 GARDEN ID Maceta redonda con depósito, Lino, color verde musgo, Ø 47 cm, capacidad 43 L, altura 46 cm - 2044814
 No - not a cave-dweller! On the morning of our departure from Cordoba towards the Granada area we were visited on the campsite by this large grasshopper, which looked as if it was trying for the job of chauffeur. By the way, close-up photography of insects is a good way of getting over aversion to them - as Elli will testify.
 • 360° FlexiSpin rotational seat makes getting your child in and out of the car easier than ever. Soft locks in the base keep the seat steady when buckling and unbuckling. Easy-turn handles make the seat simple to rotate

--

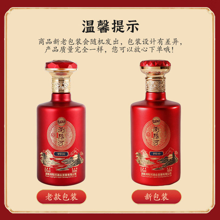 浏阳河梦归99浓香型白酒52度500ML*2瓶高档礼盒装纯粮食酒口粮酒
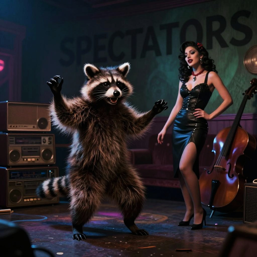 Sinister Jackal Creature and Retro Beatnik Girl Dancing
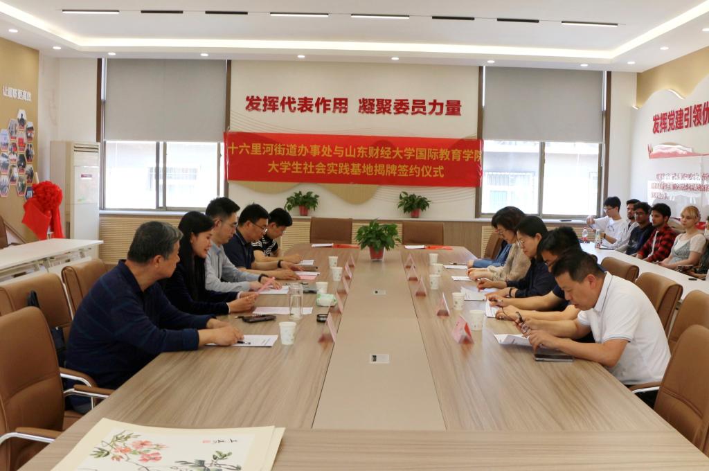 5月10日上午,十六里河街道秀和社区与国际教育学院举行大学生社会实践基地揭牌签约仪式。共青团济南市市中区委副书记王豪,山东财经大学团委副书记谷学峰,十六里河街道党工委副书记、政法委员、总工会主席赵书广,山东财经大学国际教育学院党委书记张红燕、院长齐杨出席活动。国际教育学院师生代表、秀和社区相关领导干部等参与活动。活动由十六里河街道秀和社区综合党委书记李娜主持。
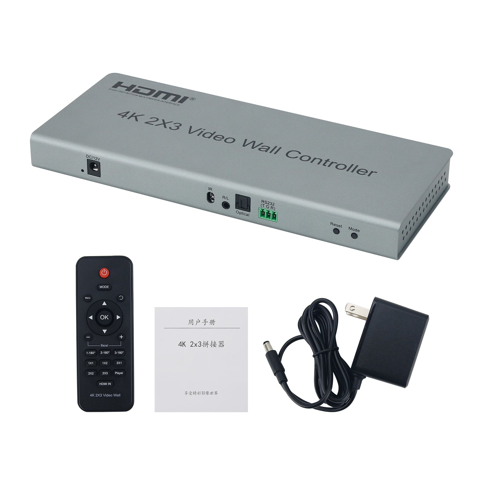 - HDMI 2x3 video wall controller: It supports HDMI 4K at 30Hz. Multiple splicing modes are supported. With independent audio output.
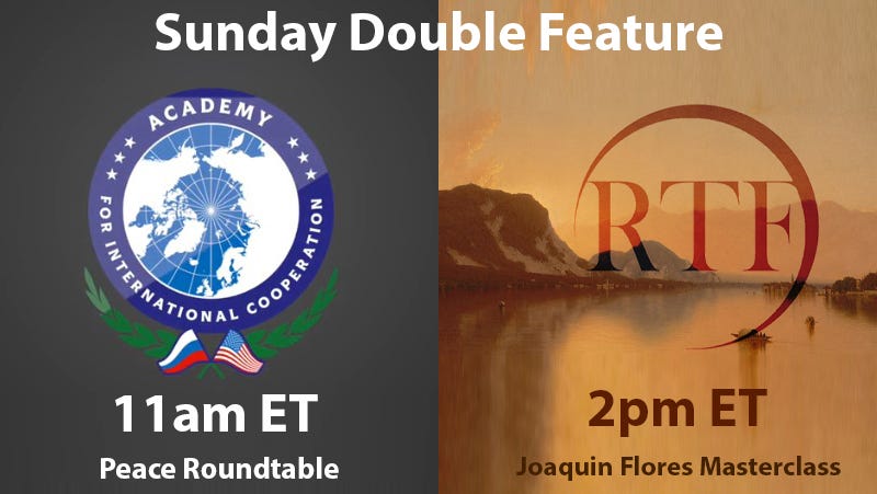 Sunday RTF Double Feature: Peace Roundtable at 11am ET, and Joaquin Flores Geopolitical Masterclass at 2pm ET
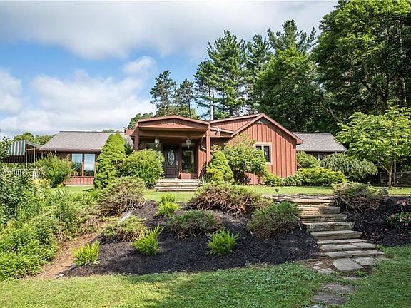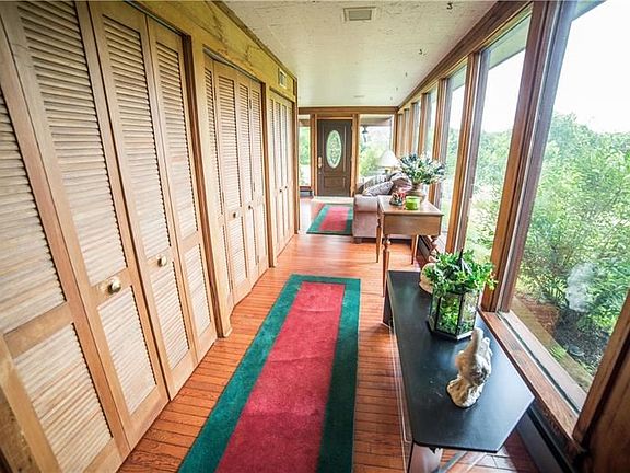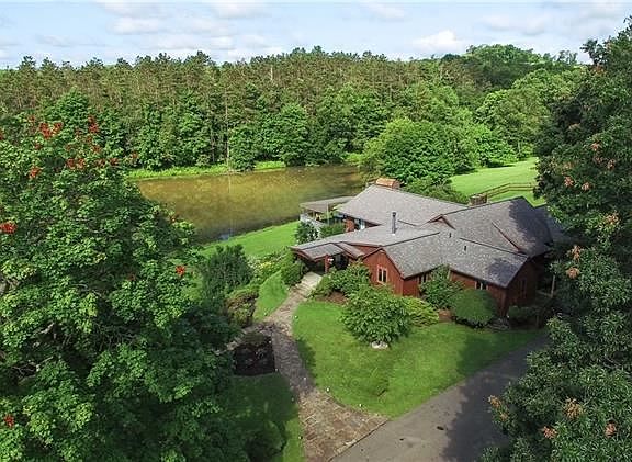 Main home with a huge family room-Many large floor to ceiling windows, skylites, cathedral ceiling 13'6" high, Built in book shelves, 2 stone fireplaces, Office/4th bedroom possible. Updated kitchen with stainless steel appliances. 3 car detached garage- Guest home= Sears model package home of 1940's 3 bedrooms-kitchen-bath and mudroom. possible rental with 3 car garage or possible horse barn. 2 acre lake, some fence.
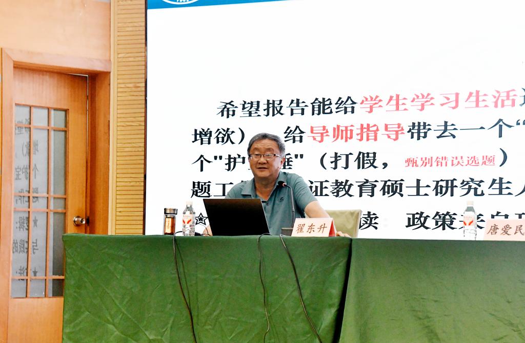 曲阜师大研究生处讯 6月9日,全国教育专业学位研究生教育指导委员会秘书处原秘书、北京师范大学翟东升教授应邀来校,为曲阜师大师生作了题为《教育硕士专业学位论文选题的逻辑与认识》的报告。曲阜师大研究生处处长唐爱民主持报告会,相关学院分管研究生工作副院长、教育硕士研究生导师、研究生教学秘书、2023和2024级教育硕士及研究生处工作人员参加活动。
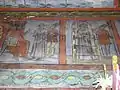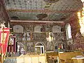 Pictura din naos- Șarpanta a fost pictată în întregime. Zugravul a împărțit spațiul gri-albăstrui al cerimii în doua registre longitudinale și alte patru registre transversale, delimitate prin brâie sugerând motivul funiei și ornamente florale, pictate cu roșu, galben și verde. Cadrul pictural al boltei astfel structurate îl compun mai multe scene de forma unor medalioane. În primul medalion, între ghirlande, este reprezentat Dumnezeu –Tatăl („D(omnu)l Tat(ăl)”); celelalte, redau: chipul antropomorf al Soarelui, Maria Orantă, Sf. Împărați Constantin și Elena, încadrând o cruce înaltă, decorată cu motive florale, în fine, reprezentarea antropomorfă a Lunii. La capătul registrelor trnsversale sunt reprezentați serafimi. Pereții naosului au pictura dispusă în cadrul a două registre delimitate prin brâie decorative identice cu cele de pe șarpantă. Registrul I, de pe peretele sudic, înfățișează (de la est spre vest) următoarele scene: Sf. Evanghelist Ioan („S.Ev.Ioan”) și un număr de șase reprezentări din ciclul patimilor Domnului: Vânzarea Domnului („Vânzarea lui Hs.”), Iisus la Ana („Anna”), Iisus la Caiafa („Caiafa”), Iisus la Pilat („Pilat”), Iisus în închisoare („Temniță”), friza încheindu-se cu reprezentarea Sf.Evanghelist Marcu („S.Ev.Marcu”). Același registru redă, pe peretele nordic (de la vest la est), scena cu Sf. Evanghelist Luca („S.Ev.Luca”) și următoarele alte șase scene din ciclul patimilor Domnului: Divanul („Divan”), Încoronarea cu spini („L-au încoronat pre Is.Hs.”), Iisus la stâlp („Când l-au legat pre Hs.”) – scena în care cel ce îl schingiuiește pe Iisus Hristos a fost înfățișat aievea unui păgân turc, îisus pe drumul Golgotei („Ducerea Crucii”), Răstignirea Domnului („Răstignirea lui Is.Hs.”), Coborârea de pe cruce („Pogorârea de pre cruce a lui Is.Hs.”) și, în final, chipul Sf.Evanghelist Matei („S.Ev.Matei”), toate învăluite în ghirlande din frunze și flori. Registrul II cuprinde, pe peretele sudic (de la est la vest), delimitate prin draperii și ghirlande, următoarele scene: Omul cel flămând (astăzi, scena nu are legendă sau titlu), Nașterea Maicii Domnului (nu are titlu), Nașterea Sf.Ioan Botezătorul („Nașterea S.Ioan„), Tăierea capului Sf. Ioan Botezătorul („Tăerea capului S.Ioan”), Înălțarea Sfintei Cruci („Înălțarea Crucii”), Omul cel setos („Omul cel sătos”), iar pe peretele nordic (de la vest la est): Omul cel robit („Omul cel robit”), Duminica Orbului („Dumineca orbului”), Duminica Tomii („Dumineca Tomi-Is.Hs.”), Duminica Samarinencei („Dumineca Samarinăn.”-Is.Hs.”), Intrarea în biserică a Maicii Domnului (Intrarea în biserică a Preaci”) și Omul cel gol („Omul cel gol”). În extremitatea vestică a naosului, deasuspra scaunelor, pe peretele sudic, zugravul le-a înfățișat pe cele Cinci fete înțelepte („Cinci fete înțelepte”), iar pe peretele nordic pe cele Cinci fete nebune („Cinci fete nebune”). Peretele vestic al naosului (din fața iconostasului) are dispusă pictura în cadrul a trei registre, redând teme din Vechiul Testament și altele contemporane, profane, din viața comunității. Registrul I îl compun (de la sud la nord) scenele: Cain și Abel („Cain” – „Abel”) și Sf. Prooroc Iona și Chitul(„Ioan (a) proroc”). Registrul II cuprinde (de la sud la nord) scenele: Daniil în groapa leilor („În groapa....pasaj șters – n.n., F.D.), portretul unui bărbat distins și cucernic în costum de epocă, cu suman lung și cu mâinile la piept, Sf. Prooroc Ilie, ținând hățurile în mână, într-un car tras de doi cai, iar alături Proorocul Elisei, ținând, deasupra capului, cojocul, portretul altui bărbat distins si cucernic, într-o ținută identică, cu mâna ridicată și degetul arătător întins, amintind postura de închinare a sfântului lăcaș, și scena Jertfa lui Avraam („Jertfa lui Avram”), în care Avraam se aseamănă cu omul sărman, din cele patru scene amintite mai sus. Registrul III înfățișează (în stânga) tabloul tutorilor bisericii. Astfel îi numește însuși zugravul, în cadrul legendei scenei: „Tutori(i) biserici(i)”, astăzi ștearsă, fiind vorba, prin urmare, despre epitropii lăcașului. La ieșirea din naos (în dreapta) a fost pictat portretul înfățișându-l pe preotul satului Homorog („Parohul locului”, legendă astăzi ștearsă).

---

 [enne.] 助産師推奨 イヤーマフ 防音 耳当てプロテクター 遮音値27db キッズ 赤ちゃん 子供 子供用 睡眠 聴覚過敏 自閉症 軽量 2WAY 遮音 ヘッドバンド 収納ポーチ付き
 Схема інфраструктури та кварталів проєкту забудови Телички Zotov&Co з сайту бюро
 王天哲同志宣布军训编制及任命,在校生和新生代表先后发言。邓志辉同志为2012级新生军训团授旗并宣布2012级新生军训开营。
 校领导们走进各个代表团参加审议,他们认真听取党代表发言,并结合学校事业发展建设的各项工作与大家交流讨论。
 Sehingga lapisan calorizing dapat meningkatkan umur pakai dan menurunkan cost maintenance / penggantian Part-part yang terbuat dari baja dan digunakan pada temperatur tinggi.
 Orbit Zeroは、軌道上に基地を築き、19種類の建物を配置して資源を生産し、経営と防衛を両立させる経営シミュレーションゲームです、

# [INSTRUCTIONS FOR THE TASK]
An exact copy of the lines above from the one with "浏阳河梦归99浓香型白酒52度500ML*2瓶高档礼盒装纯粮食酒口粮酒" up to and including the one with "- HDMI 2x3 video" is required; reproduce only those lines, omitting all pictures.

# [OUTPUT]
 浏阳河梦归99浓香型白酒52度500ML*2瓶高档礼盒装纯粮食酒口粮酒
 Sinister Jackal Creature and Retro Beatnik Girl Dancing
 5月10日上午,十六里河街道秀和社区与国际教育学院举行大学生社会实践基地揭牌签约仪式。共青团济南市市中区委副书记王豪,山东财经大学团委副书记谷学峰,十六里河街道党工委副书记、政法委员、总工会主席赵书广,山东财经大学国际教育学院党委书记张红燕、院长齐杨出席活动。国际教育学院师生代表、秀和社区相关领导干部等参与活动。活动由十六里河街道秀和社区综合党委书记李娜主持。
 - HDMI 2x3 video wall controller: It supports HDMI 4K at 30Hz. Multiple splicing modes are supported. With independent audio output.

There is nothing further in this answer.